A Portrait of Love: Six Stories; One Novella, Suryakant Tripathi ‘Nirala’, translated from the Hindi by Gautam Choubey
Suryakant Tripathi “Nirala” was among the maverick writers who shaped modern Hindi literature. In his prose writings, Nirala regards the world with the eyes of a compulsive satirist, committed to laying bare its hypocrisies.
A Portrait of Love is an ode to Nirala’s genius, drawing attention to his long-ignored legacy in prose. From his poignant yet humorous sketch of rural India in Billesur Bakriha to the sophisticated urbanity of Lucknow in “Portrait of a Lady-Love”; from questioning the ideals of marriage and love in “Sukul’s Wife” to celebrating the nexus between writers and courtesans in colonial Calcutta in “What I Saw”; from hailing agency among the oppressed castes in “Chaturi Chamar” to shining a light on an uneasy relationship between education and progress in “Jyotirmayee” – the collection takes the readers to the heart of India and the colourful cosmos of Hindi literature.
Mithun Number Two and Other Mumbai Stories, Jayant Kaikini, translated from the Kannada by Tejaswini Niranjana
Jayant Kaikini’s stories are tinged with melancholy but lit with hope, capturing moments of transcendence amid anonymity and routine.
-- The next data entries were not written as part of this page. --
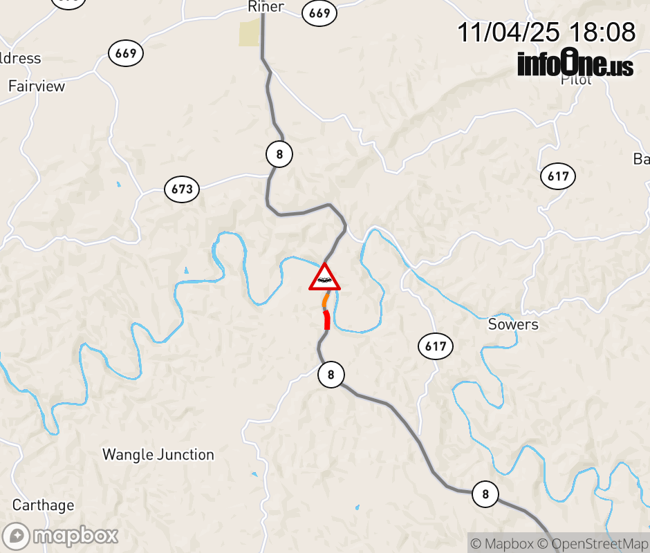 On VA-8 North in the County of Floyd, in the vicinity of Codys Ridge Rd NE; River Ln NW; Rt. 863E/W (Floyd County), motorists can expect delays due to a vehicle crash. Lane closures exist. ![]() |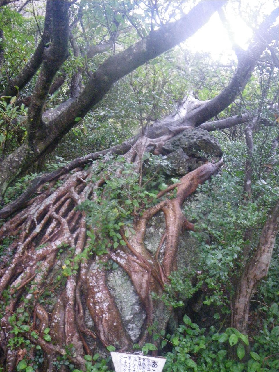 コンクリートで固められた石段を数分のぼると「捻石」の案内。大師の母である玉依御前が、修行中の大師の身を案じてここを訪れた際ににわかに暴風雨となったため、大師がこの岩を捻じってその中に避難させた と伝えられる。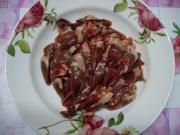 将鸡心一分为四,过沸水汆熟,加少许生抽腌制。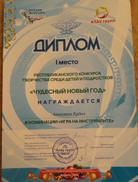 «Чудесный новый год» атты Республикалық жасөспірімдер мен балалар байқауында жас ерекшелігі бойынша «аспапта ойнау» номинациясы бойынша Аманжан Ербол 1орын иегері атанды.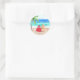 Santa Clause und Rentiere sitzen am Strand lustige Snowvogelaufkleber.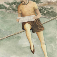 - Blondin sitting on a tight rope strung over the Niagara Gorge and Lower Niagara River ;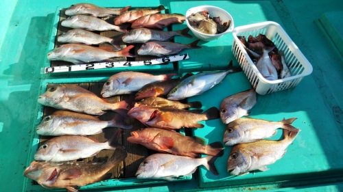 潮が変わって流れ出してからは良いサイズのタイが釣れてくれました。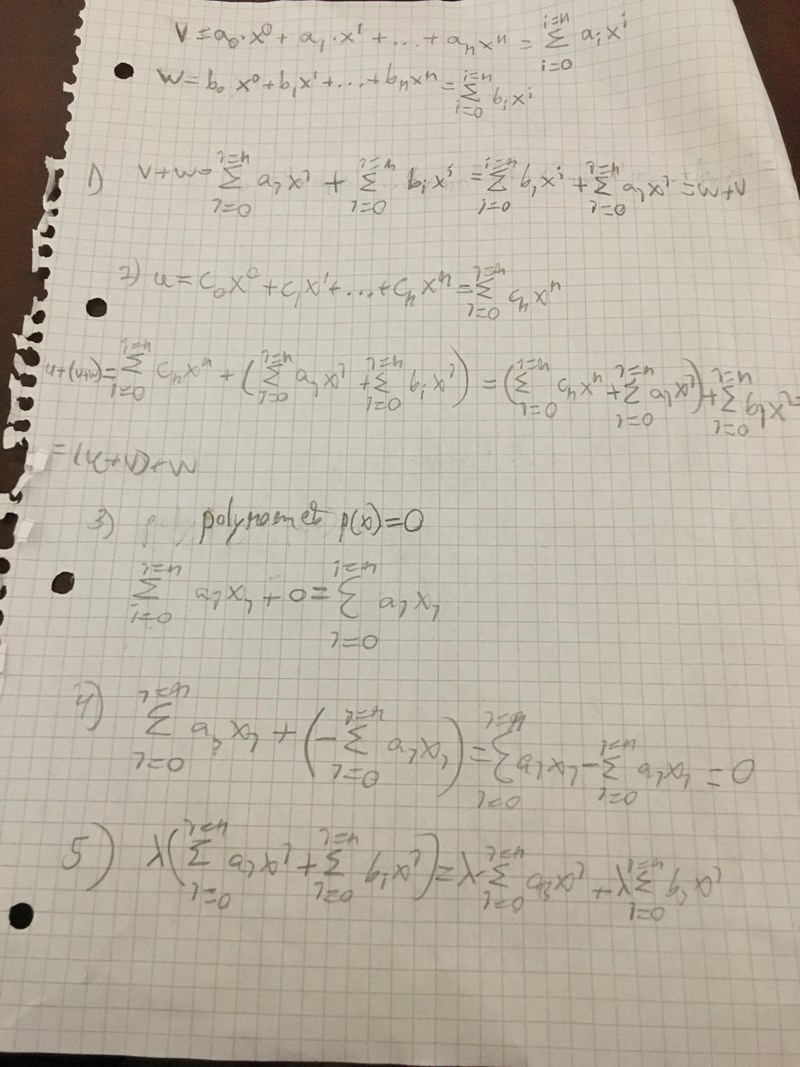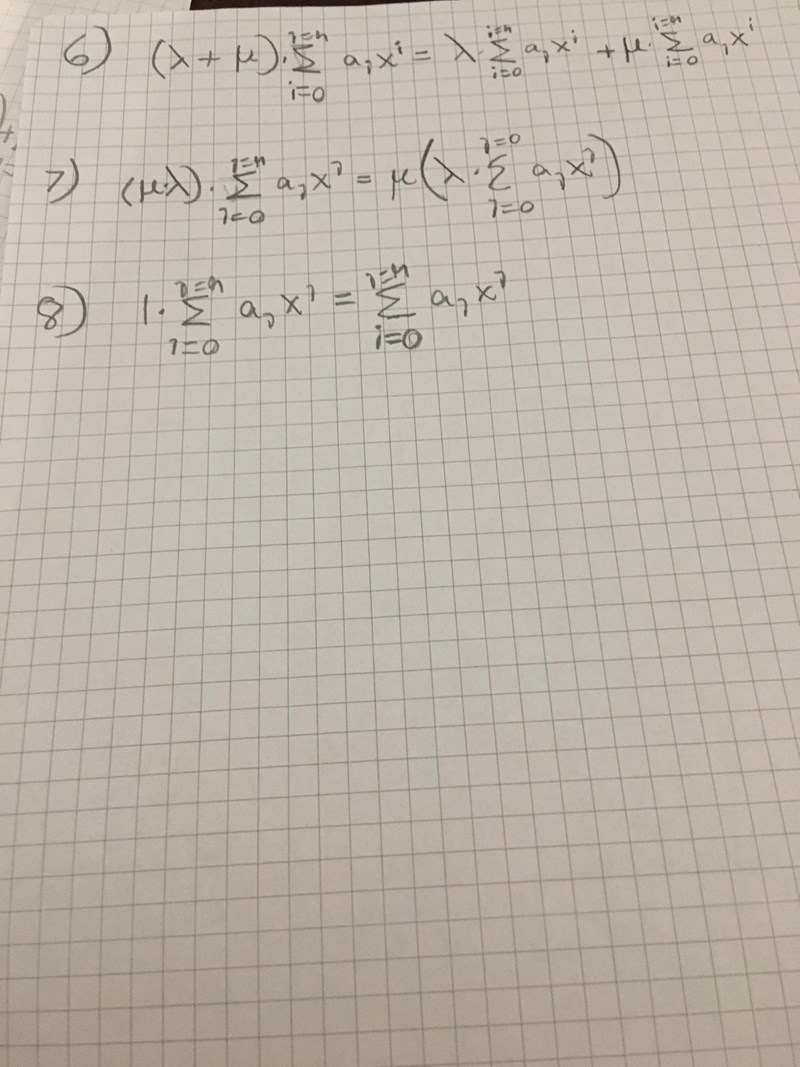 Det kan du, men det primära syftet är att använda dem för att visa att V är sluten under polynomaddition och under skalärmultiplikation.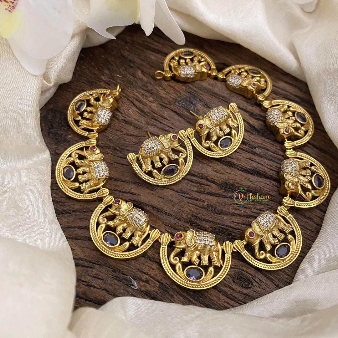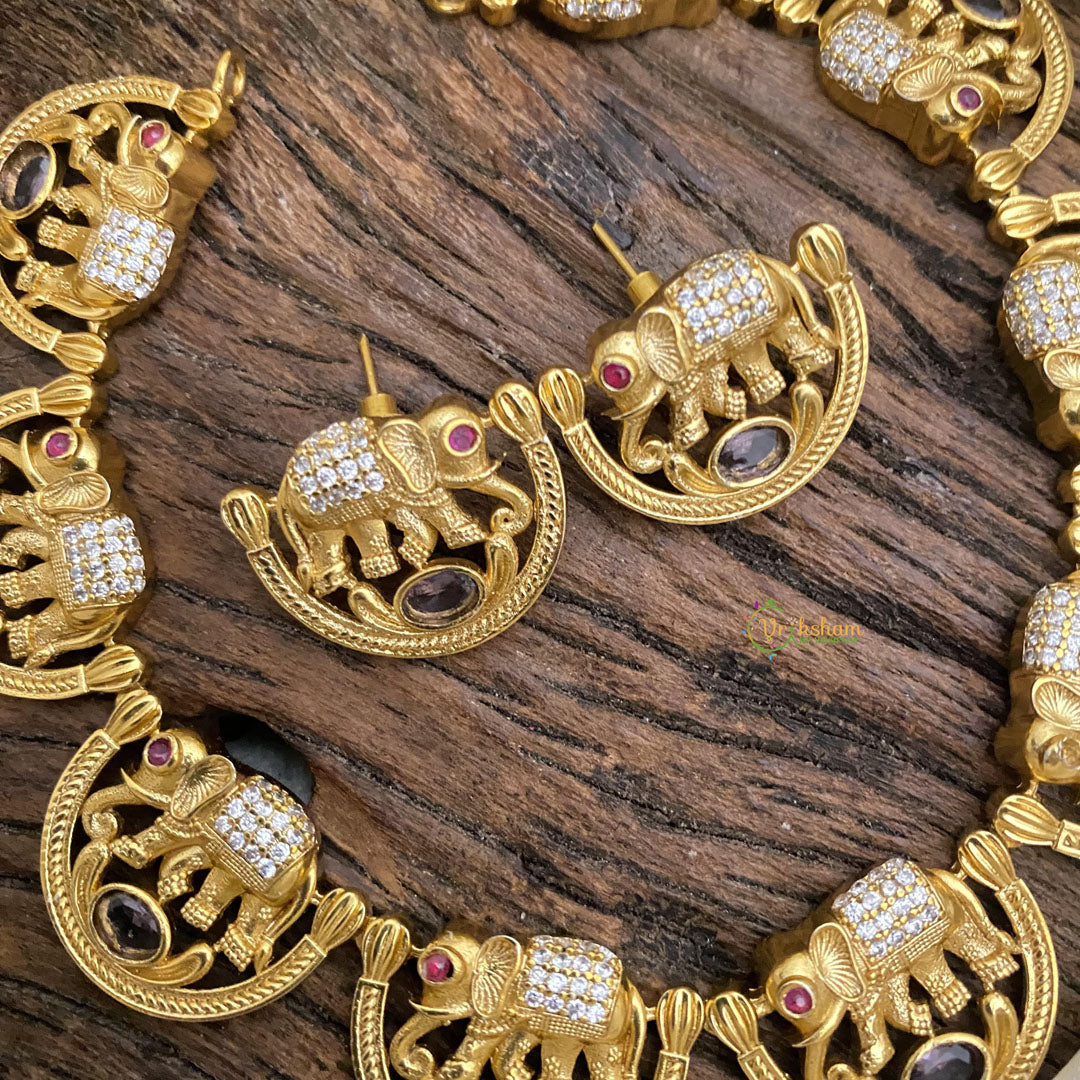 Indulge in timeless elegance with our Designer AD Stone Elephant Neckpiece. Crafted with intricate designs and adorned with sparkling AD stones, this neckpiece will add a touch of luxury to any outfit. The perfect balance of sophistication and style, it is a must-have for any fashion-forward individual. Elevate your look with this exclusive piece.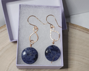 Figure Eight Copper Drop Earrings with Sodalite Coin Beads H...

Young men migrate to Mumbai looking for work or a more exciting life, while others, women and men, young and old, make the journey for different reasons. In this city that rules the dreams of people up and down the coast, strangers become friends, families negotiate strife and affection, and children grow up in homes where the lines between coercion and care are blurred.